Register Cache: Caching for Warp-Centric CUDA Programs

Originally published at:

Figure 1: Execution and Memory hierarchy in CUDA GPUs. In this post we introduce the “register cache”, an optimization technique that develops a virtual caching layer for threads in a single warp. It is a software abstraction implemented on top of the NVIDIA GPU shuffle primitive. This abstraction helps optimize kernels that use shared memory…

thanks, this was fun!

I've been avoiding shared memory likes its the plague since 2009, was really stoked when warp shuffling came along :-)

There are a surprising amount of kernels where people use shared memory when they actually don't need it nor warp-shuffles, they can just do more elements per thread instead.


The use of __activemask() here is wrong and highly unsafe. especially mentions not to "just use __activemask() as the mask" for the *_sync operations.

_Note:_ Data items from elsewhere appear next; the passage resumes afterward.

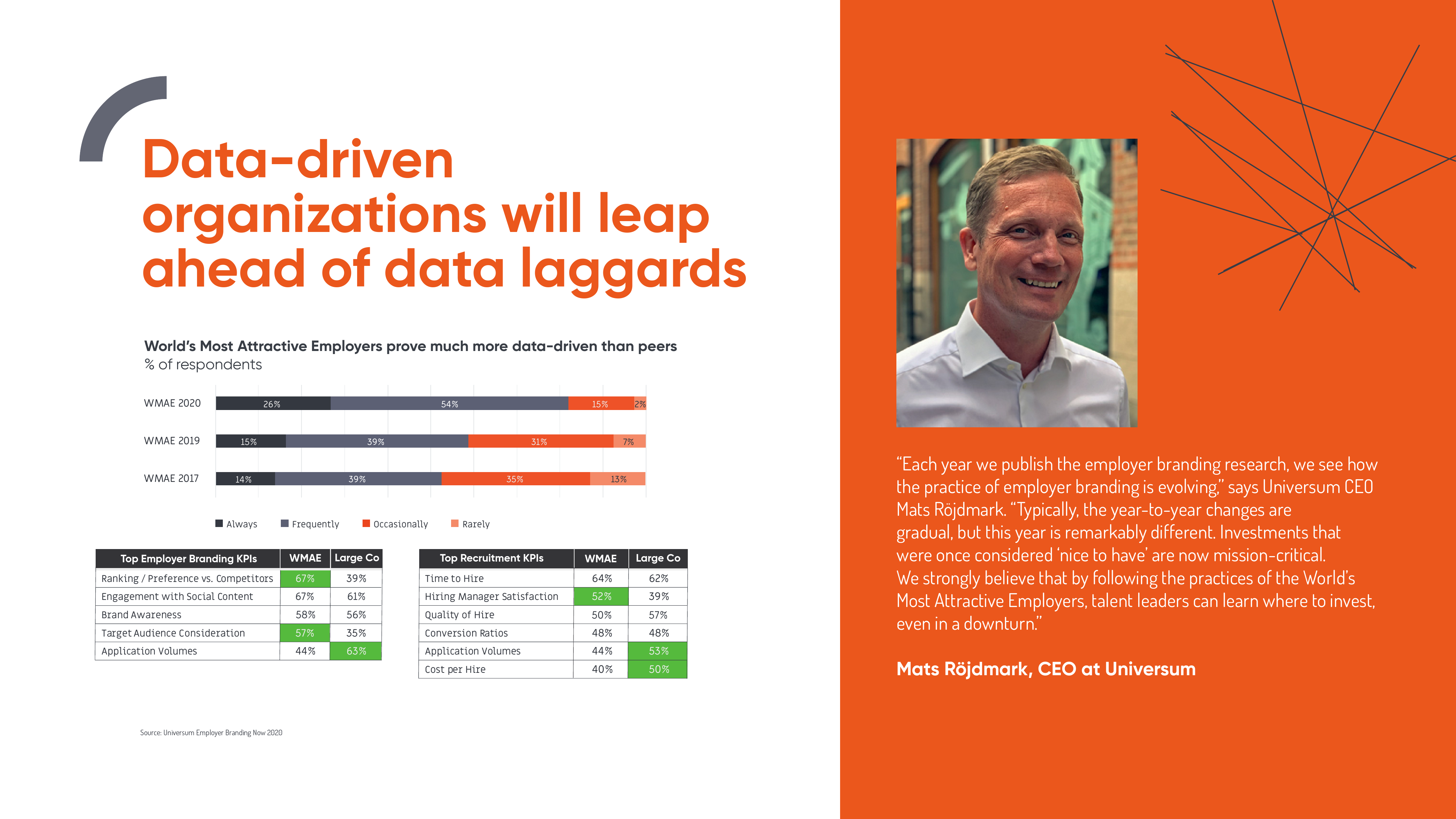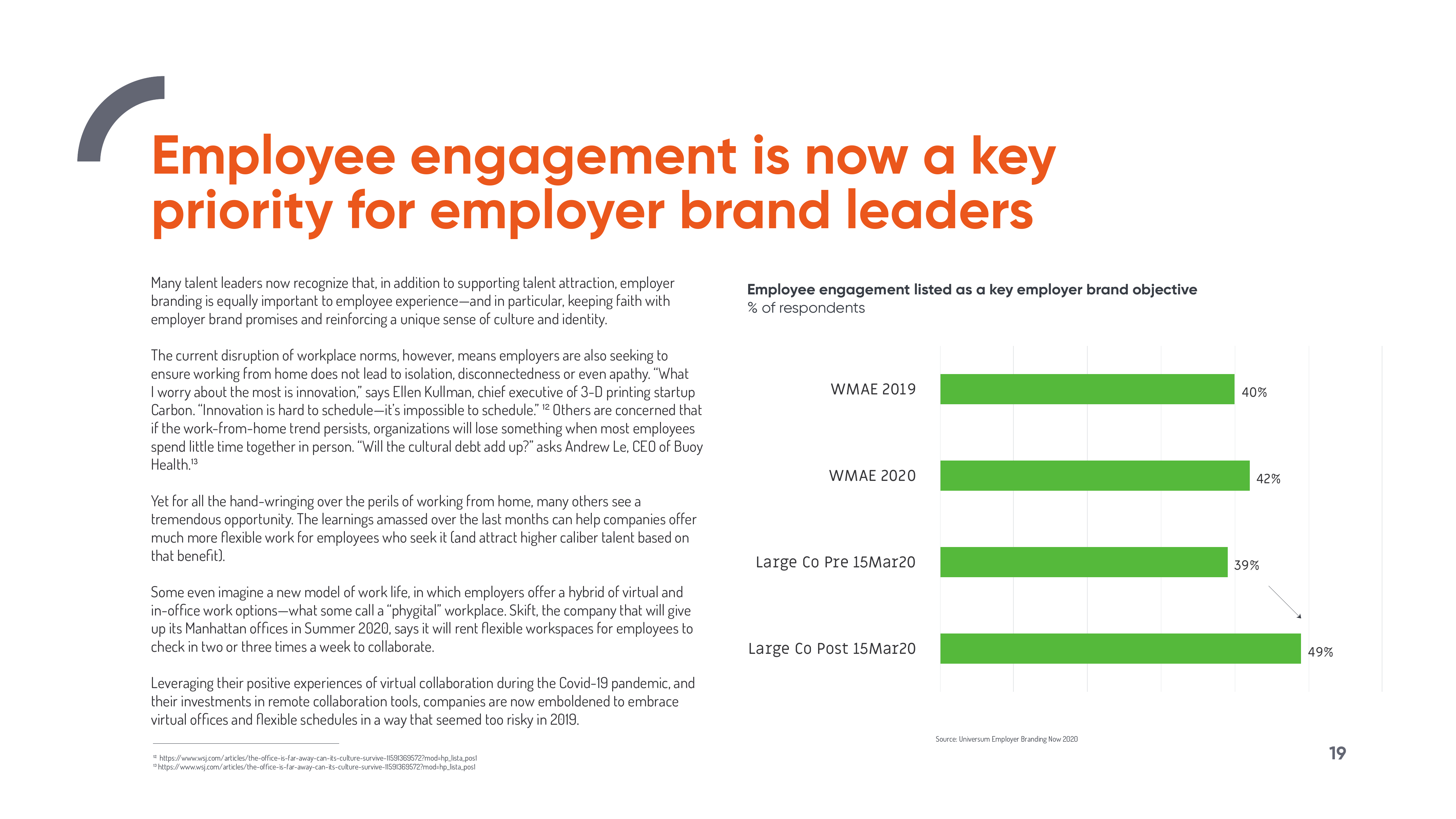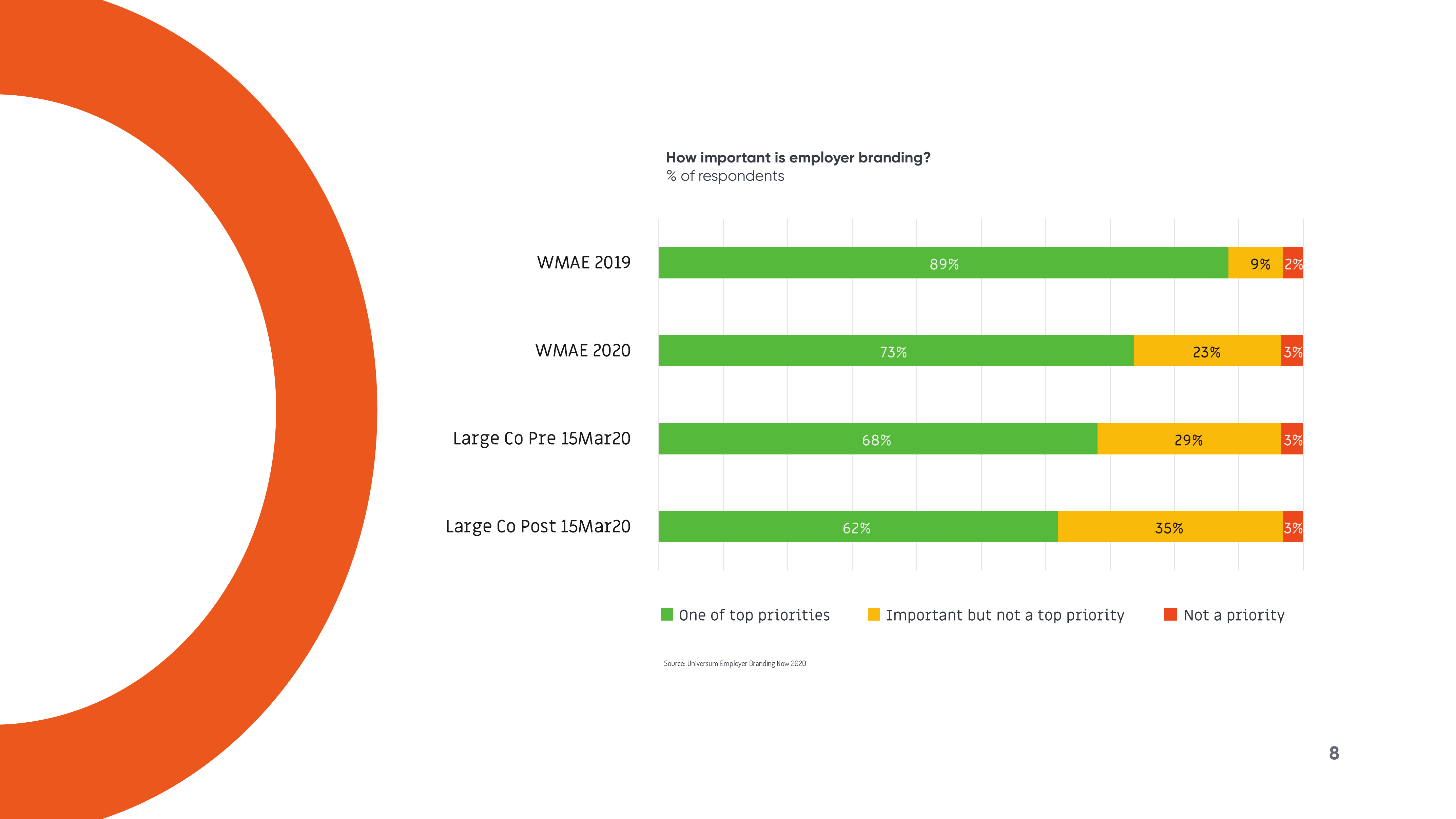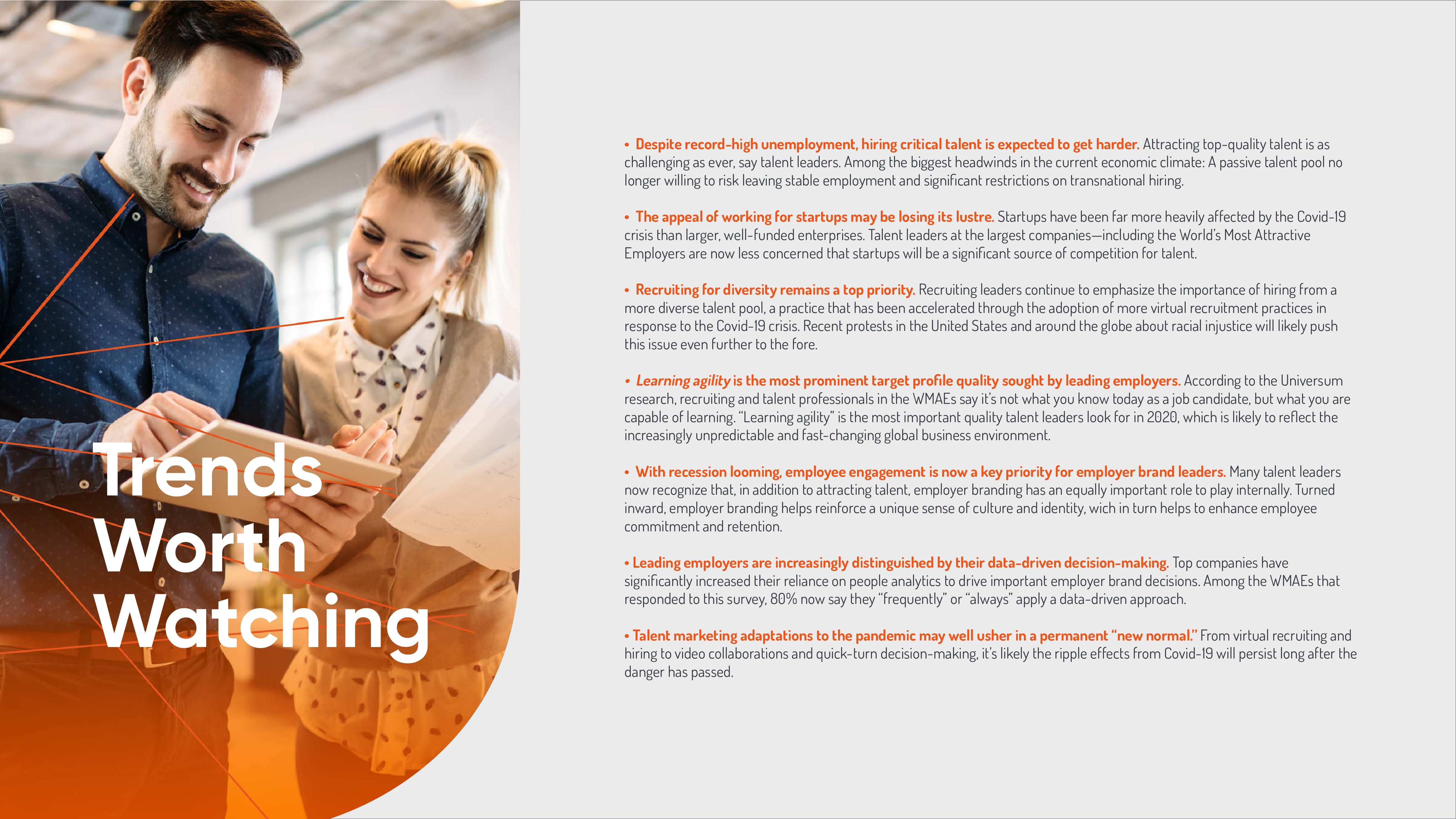 全球雇主品牌领导者优兴咨询对来自49个国家的1131名雇主品牌专业人士进行了调查,其中包括市场营销经理、人力资源经理、人才招聘经理以及招聘和资源招聘专业人士。该活动旨在收集有关雇主品牌塑造状况的见解,并向“世界最具吸引力雇主”(WMAEs)学习。WMAEs是由求职者评选出的前100名雇主。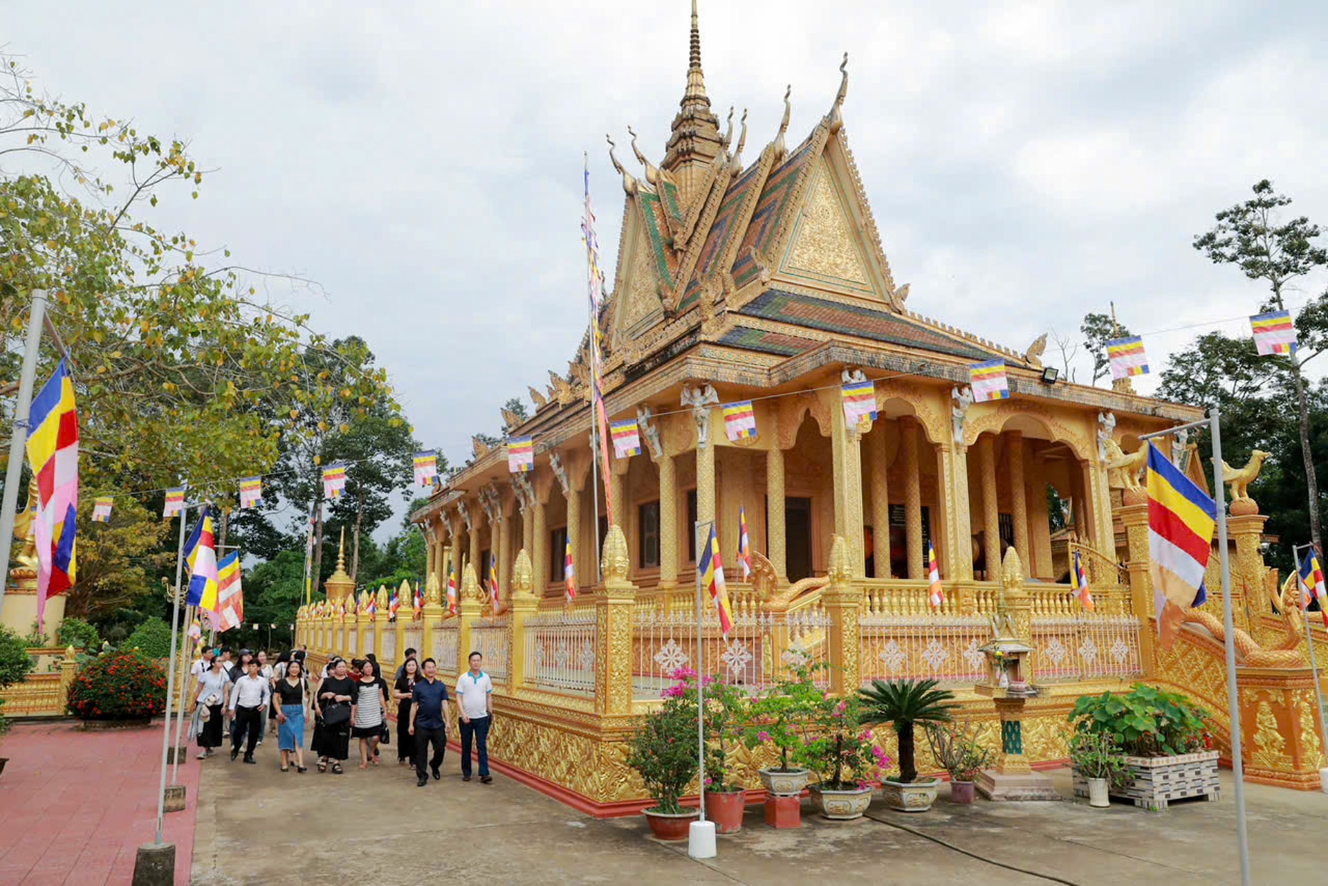 Đoàn xúc tiến du lịch của Sở Du lịch Hà Nội tham quan, khảo sát điểm đến và tìm hiểu văn hóa của người Khmer ở Vĩnh Long. Ảnh: Lệ Quyên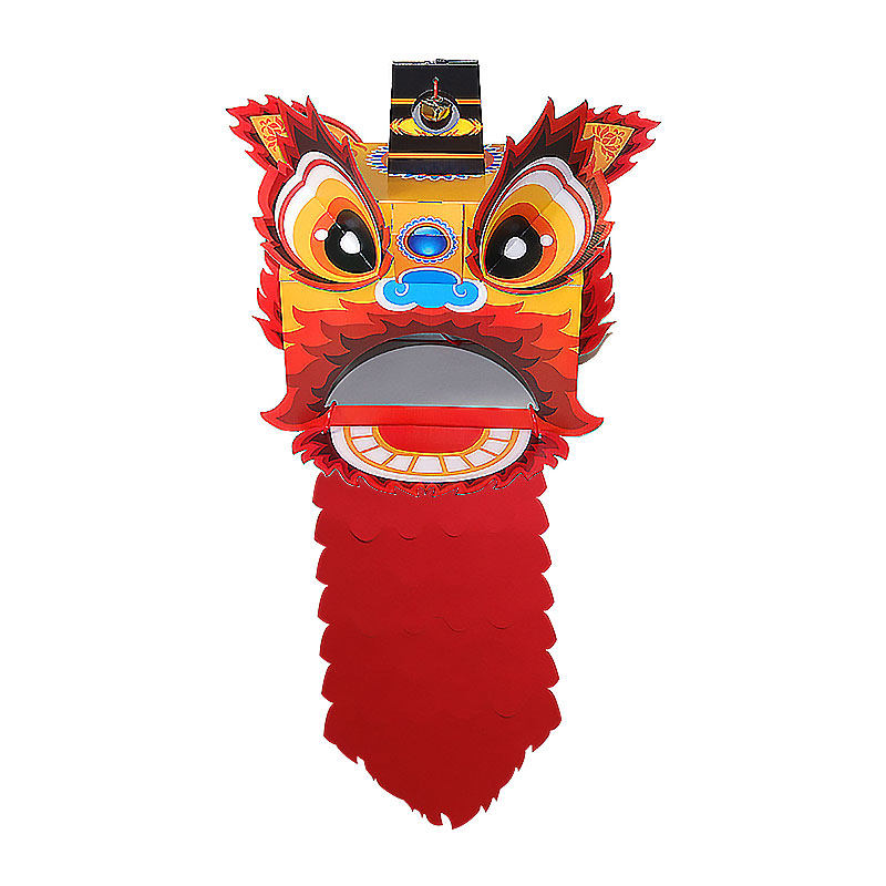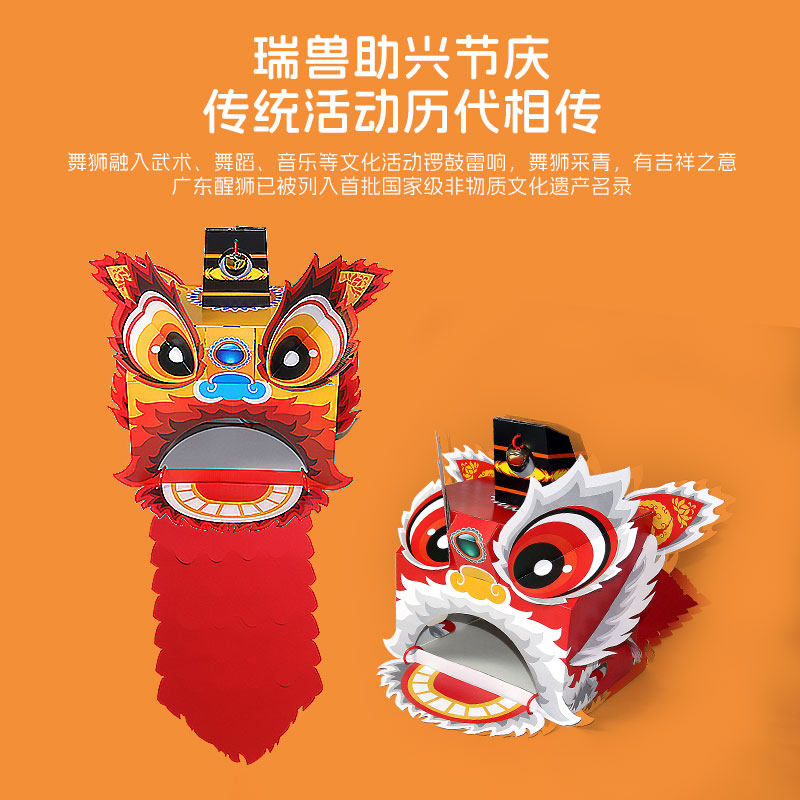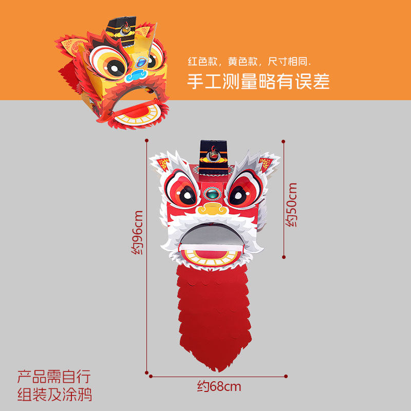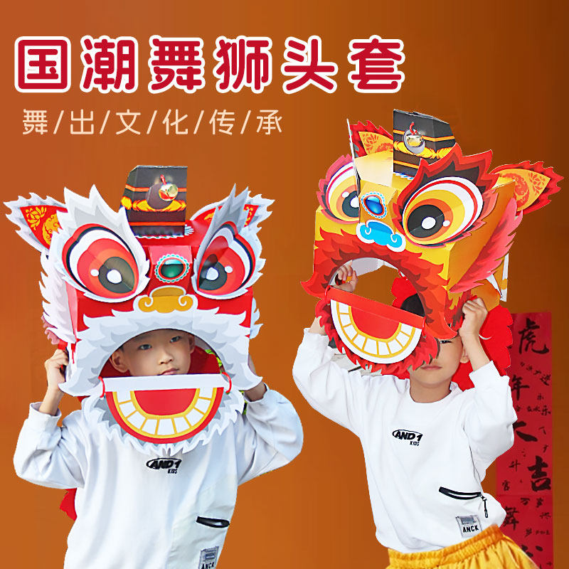 📚 2025新款国潮儿童舞狮纸壳手工diy狮头头套舞狮头端午节活动

Reasoning would be: You want to shuffle/publish the value of thread 0 of the warp. For whatever reason this thread is blocked (e.g. cache miss while the others had a cache hit) so it doesn't get included into __activemask() and doesn't participate in the __shfl_sync. So the result is undefined!

On Pascal this does not matter as we have lock-step execution, but on Volta you might run into this. Please update your examples to use e.g. FULL_MASK and mention this problem so others won't fall in the same trap.